Уже рассвело. Рыжий холодный туман, ночью окутывавший лагерь, последней дымкой уползал сквозь усатую ограду в лес. Деревья-бараки, выращенные правильными рядами на территории лагеря, резко очерчивались мокрыми и черными от росы боками.
Все выстраивались в две шеренги — люди, пины, лицом друг к другу, согласно номерам: четный — пин, нечетный — человек. Стояли молча, зябко ежась, переминаясь с ноги на ногу. Большинство тоскливо смотрело, как последние клочки тумана беспрепятственно просачиваются сквозь ограду.
2
Вначале появилась боль. Нудная, свербящая, она постепенно нарастала, толчками сгустившейся крови разливаясь по всему телу, разрывая его на части, крепла, ширилась… и вдруг оборвалось где-то на нестерпимой ноте. Он вынырнул из небытия, темень в глазах сменилась густой пеленой тумана, которую прорезали прыгающие, быстро разбегающиеся полосы, и, наконец, зрение окончательно восстановилось. Полосы оказались тонкими стволами деревьев, расталкиваемых и подминаемых драйгером, затем лавиной прорвался звук, и сквозь рев машины и грохотание платформы Льош услышал противный сырой скрип упругой древесины.

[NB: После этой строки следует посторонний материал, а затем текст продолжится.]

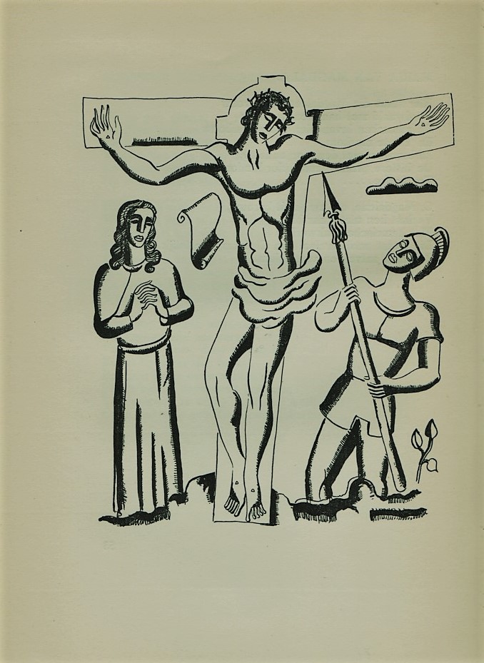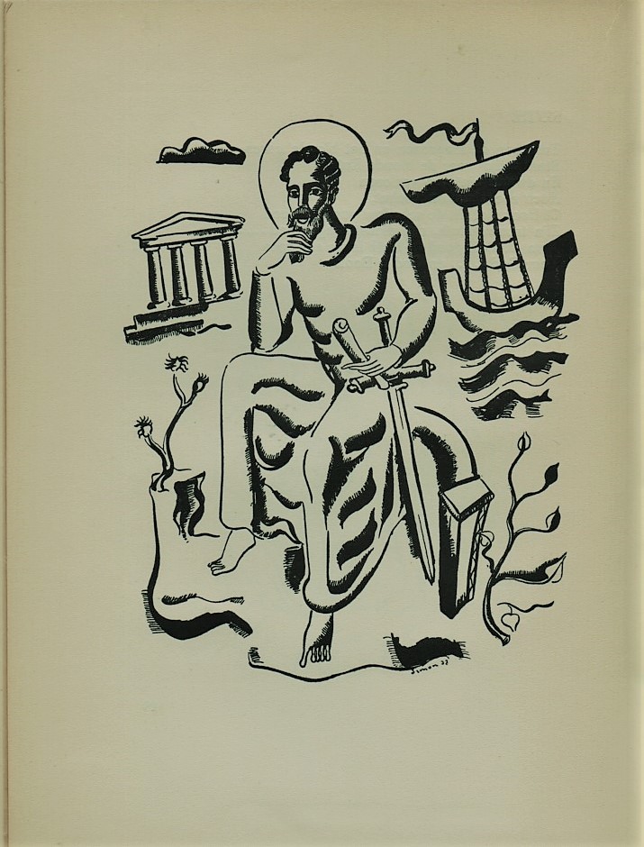 Ik heb de zes tekeningen van Lambert Simon (1909-1987) uit de bundel gescand en hieronder geplaatst. Ze dragen achtereenvolgens de titels: Crucifix, Piëta, Sint Jan, Sint Paulus, Sint Sebastianus en Sint Laurentius. De illustraties van Simon springen er voor mij uit om hun krachtige stijl; maar ook vanwege de esthetische uitbeelding van Christus en de apostelen en heiligen als jonge mannen in de bloei van hun leven. Opvallend zijn ook de picturale verwijzingen op vrijwel alle kunstwerken naar klassieke tempels uit de Griekse Oudheid. Misschien een verwijzing naar het geboorteland van de democratie in de donkere jaren dertig van de vorige eeuw? De Gemeenschap* was van 1925 tot 1941 het toonaangevende culturele tijdschrift van jonge en progressief denkende katholieke intellectuelen. Lambert Simon was (muur)schilder, tekenaar, beeldhouwer en glazenier en lid van het Utrechtse Genootschap Kunstliefde.

«Лес, — умиротворенно подумал он и прикрыл глаза. — Лес… Вот и свершилось». — Он приподнялся на локтях и прислонился спиной к борту. И тотчас все мышцы отозвались ноющей болью отпустившей судороги.

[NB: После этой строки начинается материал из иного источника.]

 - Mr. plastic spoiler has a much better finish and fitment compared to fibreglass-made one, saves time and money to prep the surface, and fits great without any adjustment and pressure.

«Да, — подумал он, — силен лагерь. Не ожидал, что рецепторы ограды обладают такой мощью болевого шока. Недооценил. Можно сказать, на авось пошел. Какие мы самоуверенные — Голос нам нипочем, а на психозащиту смержев так нам вообще наплевать — мы ее просто так, голыми руками, да в бараний рог, ну а уж усатая ограда, так это совсем чепуха, фикция, туман, дым. Дым… Скрутило, как котенка, да щупальцами-усами по самоуверенной физиономии. Просто счастье, что прорвались».
Драйгер заваливался то на один бок, то на другой, вздрагивал, натужно ревел, если на его пути вставало большое дерево, и от этого груда тел людей и пинов раскачивалась и подпрыгивала на платформе, как куча гигантских резиновых игрушек. Через некоторое время из этой груды послышались стоны, то одно, то другое тело начинало биться в судорогах, люди и пины приходили в себя и отползали к бортам платформы. Посередине обнажились закрепленные в штатив василиски. Прямо под бок Льошу приполз Пыхчик, он жалобно смотрел на него собачьими глазами и визгливо всхлипывал. («А этот как еще сюда попал? — недоуменно подумал Льош. — С перепугу, что ли?») Далее лежала Лара. Судороги еще не отпустили ее, она билась, стонала, но тем не менее машинально поправляла у себя на коленях старенькую, до самых пят, гимназическую юбку. Еще дальше, сцепившись между собой, словно в борьбе не на жизнь, а на смерть, катались по платформе, рыча друг на друга, Портиш и Микчу; за ними совершенно неподвижно распластался Энтони; и, наконец, в самом углу платформы, судорожно, до повеления пальцев вцепившись в ее борта, сидел посеревший от боли Испанец из шестнадцатого барака и, выпучив глаза, не отрываясь смотрел, как его собственные ноги в грубых сапогах явно армейского образца непроизвольно подергивались. Из пяти пинов, сидящих у противоположного борта, Льош узнал только двоих — Василька и Фьютика, — остальные, очевидно, были из других бараков.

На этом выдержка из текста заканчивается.